As the Los Angeles Lakers returned to their ancestral homeland of Minneapolis last week, there were signs that their fortunes had improved ever so subtly since the franchise left the Land o' Lakes for the Land o' Flakes 44 years ago.
For starters, Americans are infinitely more interested in Shaq & Jack ( Lakers icons O'Neal and Nicholson) than in Harv & Marv (original Timberwolves owners Harvey Ratner and Marv Wolfenson, who brought NBA basketball back to Minneapolis in 1989). Indeed, as the Lakers squared off against the Timberwolves in the Western Conference finals, it was only natural for us to find Los Angeles more seductive than Minneapolis, given the respective images they conjure. ( L.A.? Chauffeurs. Minnesota? Gophers.)
Yet our fascination with the Lakers isn't always healthy. Last Friday night sportswriters perusing the Game 1 halftime stats found, amid the flurry of paper handouts, a four-sentence statement from Shaq's agent, who disclosed that one of the estates owned by O'Neal, in suburban Houston, had been the site of an "unfortunate incident" earlier in the day. The housekeeper for the mother of O'Neal's oldest daughter had been stabbed to death, allegedly by her own son. After the game, while introducing O'Neal at a press conference, a Lakers spokesman politely explained that the center would not entertain questions about the homicide because "his manager has [already] issued a statement." But in that moment, the number of professional reality softeners in O'Neal's orbit—spokesman, manager, housekeeper-betokened a man whose life (with its manifold mansions, its multiple mothers) was, to say the least, dizzying to behold.
Staring at a notebook, I needed a minute—and several possessive apostrophes—to sort out the victim's relation to O'Neal: She was... Shaq's daughter's mother's housekeeper? And all the while O'Neal, who has a childlike aspiration to make a second career in law enforcement, sat impassively at the podium, his baseball cap emblazoned FBI.
Of course, sanding off the sharp corners of reality does have its benefits. Reality softener Phil Jackson euphemized Kobe Bryant's sexual assault case, calling it "Kobe's situation" and "things going on in. Colorado;" But even with legal questions to the two most prominent Lakers forbidden, Lakerologists were left with plenty to ponder. There are queries large (Why do the Lakers sometimes decline to show up for games?) and small (What is up with that Gene Wilder-as- Willy Wonka quiff worn by Rick Fox?).
No one foresaw such global interest in the Lakers back in 2947, when the Detroit Gems were moved to Minneapolis and renamed for the cargo ships that plied the Great Lakes. "I hand-delivered a check for the full purchase price of the Gems to the airport in Detroit," recalled Minnesota sports-scene fixture Sid Hartman, with some bewilderment, while surveying the current Lakers last weekend in the Target Center. "The check was for $15,000."
Today, of course, the Lakers are priceless, worth whatever one man is willing to pay for their residual glamour. Of which there is quite a lot, to judge by the reality-softening arm candy of owner Jerry Buss, whose own exquisite hairdo trumps Trump's.

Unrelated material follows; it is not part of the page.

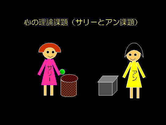 この課題というのは、「サリーが籠の中にボールを入れました。そしてサリーは部屋の外に出て行きました。そのすきにアンはこっそりとボールを籠から箱の中にボールを移しました。そして部屋の外に行きました。サリーが戻ってきました。ボールで遊ぼうと思っています。どちらを探すでしょう。というものです。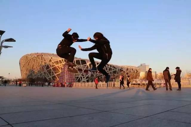 2016年寒假,达妮埃拉(右)与朋友在北京奥林匹克公园游玩。(达妮埃拉提供)

Incidentally, Hartman is one of the men, seated courtside at the Target Center, onto whom Kevin Garnett claps up a cloud of talcum powder before games. The victims always look as if they've just sneezed into a pile of cocaine—which might be, come to think of it, an apt pregame ritual, given the Caligula-style conspicuous consumption everywhere else in the arena.
Invited to praise Garnett on the eve of the series, Jackson wisely declined to "add to the accolades" the league MVP has already received—perhaps because those escalating accolades only encourage...Escalades. Timberwolves star Latrell Sprewell's Escalade bears his name in script in several places, inviting the eye in before it is abruptly spurned by black-tinted windows. The Cadillac's spinning platinum rims are mimicked by the spinning platinum rims on Spree's sneakers. (Really.)
Yet in interviews Sprewell—whose fashionable eyeglasses you suspect serve no vision-correcting purpose—is pleasantly, hypnotically bland. For many such stars, reality has been more than softened; it's been anesthetized. A few years ago Rasheed Wallace answered every question in a playoff press conference with the words, "Both teams played hard," a mantra that one NBA employee later had emblazoned on a T-shirt. When O'Neal repeated that magic phrase after Game 1 last Friday night, I half-expected a duck to drop from the ceiling and Groucho Marx to materialize.